The Six-Day War had been written in honor of the Sabra; for one, because they were one of Israel’s finest string quartets, but also because they were all veterans of the war. Playing it not only caused Miriam to break out in a psychic rash, it reminded her of being an IDF soldier fifty years before, the sun baking her head through her helmet as she barreled along in a jeep through the sand. Isaac had fought alongside Miriam in the Sinai; that was where they’d met. Sasha had been an Air Force pilot and was responsible for some particularly effective air strikes against Syria. Jakov had worked in Intelligence and had been on the team who’d intercepted the cable from Nasser to the president of Syria, urging him to accept a cease-fire. Why Rivka had thought any of them would be pleased to relive this experience musically was anyone’s guess.
“Let’s try this again,” said Miriam, glancing at Isaac, who looked over his fingerboard at his colleagues, acknowledging their distress with his hoary eyebrows knitted. “Sasha, what if we count you in this time?”
“I’ll get it right,” said Sasha crossly. “I can count it.”
“Hey,” came a bright, female American voice in the doorway. “Sorry to interrupt, I had no idea anyone was in here.”
A small, dynamic woman burst into the chapel wearing yoga pants and a sports bra with high-heeled tango shoes. She waved at them all, amused by their puzzlement.

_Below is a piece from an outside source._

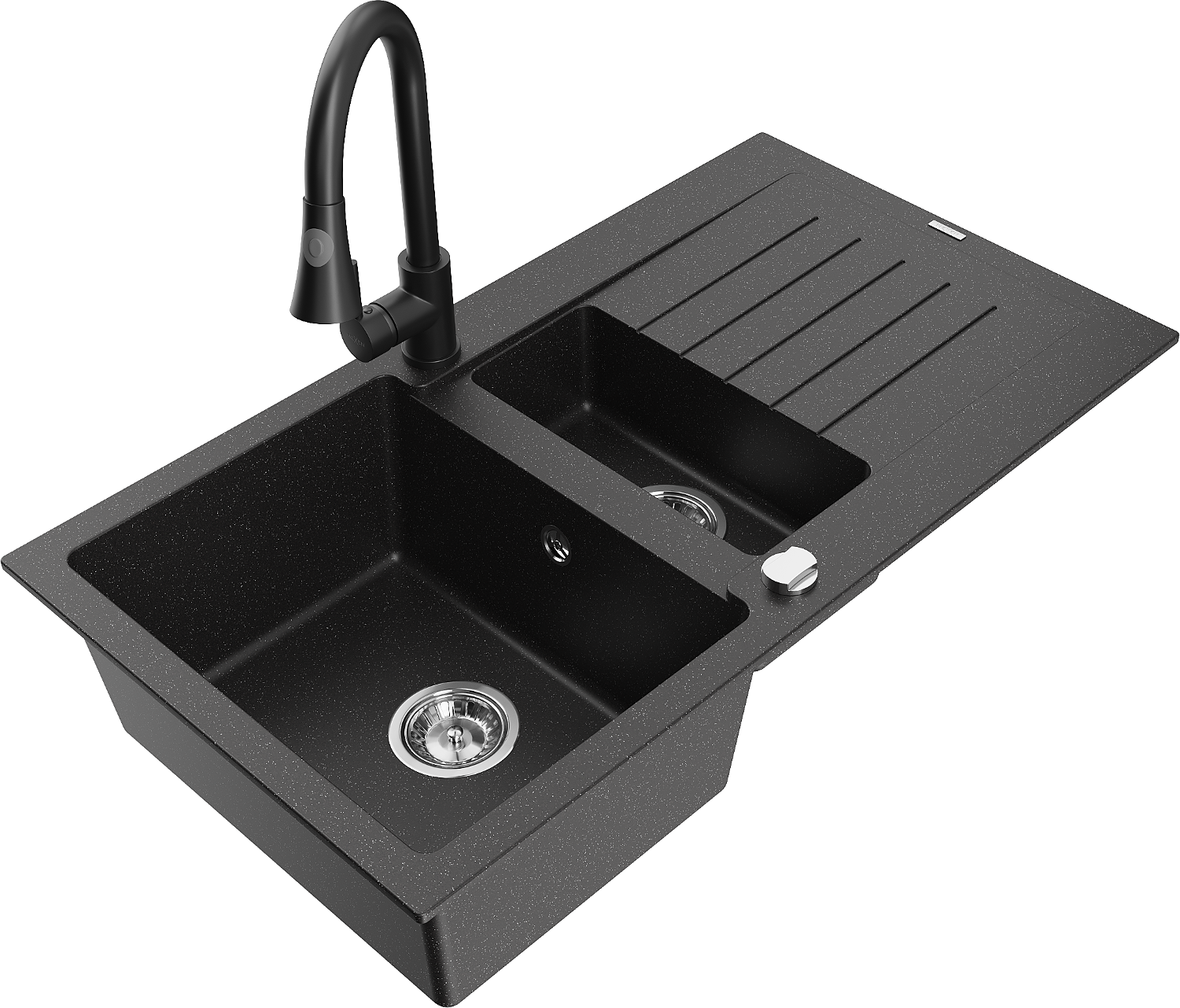 Mexen Matias granito kriauklė su 1,5 dubeniu ir nusausintoju bei virtuviniu maišytuvu Elia, juodas/sidabrinis metalikas - 6502-?

“Sorry, I’m Kimmi,” she said. “I’m the cruise director as well as the entertainment director, they doubled me up on duties for this cruise because it’s so small. You must be the string quartet from Israel. I came in to get a Bible. I’ll just grab one and get out of your hair.”
She strode to the lectern and looked behind it, into its shelf, talking steadily as she went, trying to mini
mize any awkwardness she’d caused.
“We’re planning a performance for the talent show later in the cruise, a few of us entertainment crewmembers. We wanted something ocean-related, and Park thought of the story of the parting of the Red Sea as maybe a jumping-off point, but none of us really remember the exact text and there’s no Internet so we can’t Google it.” She rummaged around. “Can there really be no Bible? What kind of a chapel is this?”
“We might be able to help you,” said Jakov. “We’re all familiar with the book of Exodus.”
“Moses held out his staff,” said Isaac, “and the Red Sea was parted by God.”
“The Israelites walked on dry land, pursued by the Egyptian army,” said Jakov. “Once the Israelites were safely through, the sea closed again, and the Egyptian army drowned.”
“That’s right,” said Isaac. “And there was a pillar of cloud by day and a pillar of fire by night.”
Miriam nodded. Here she’d just been playing staccato machine-gun fire that sonically re-created her own army’s successful war with the Egyptians, and now they were talking about the Egyptian army drowning while the Jews were saved in the Torah. There were similarities in the two scenarios, but no one had parted the Red Sea in 1967. The Jews had had to fight, with the element of surprise standing in for God’s miracle.
“Don’t forget the Song of the Sea,” she said.
“The Song of the Sea,” said Kimmi. “That’s what I came to look up! I need the words.”
“It’s long and I don’t know it all, but I can tell you Miriam’s Song, which she sings after the Israelites cross to safety,” said Miriam. “It’s much shorter, and it goes in English, ‘Sing to the Lord, for he is highly exalted. Both horse and driver he has hurled into the sea.’ Not really talent-show material, though.”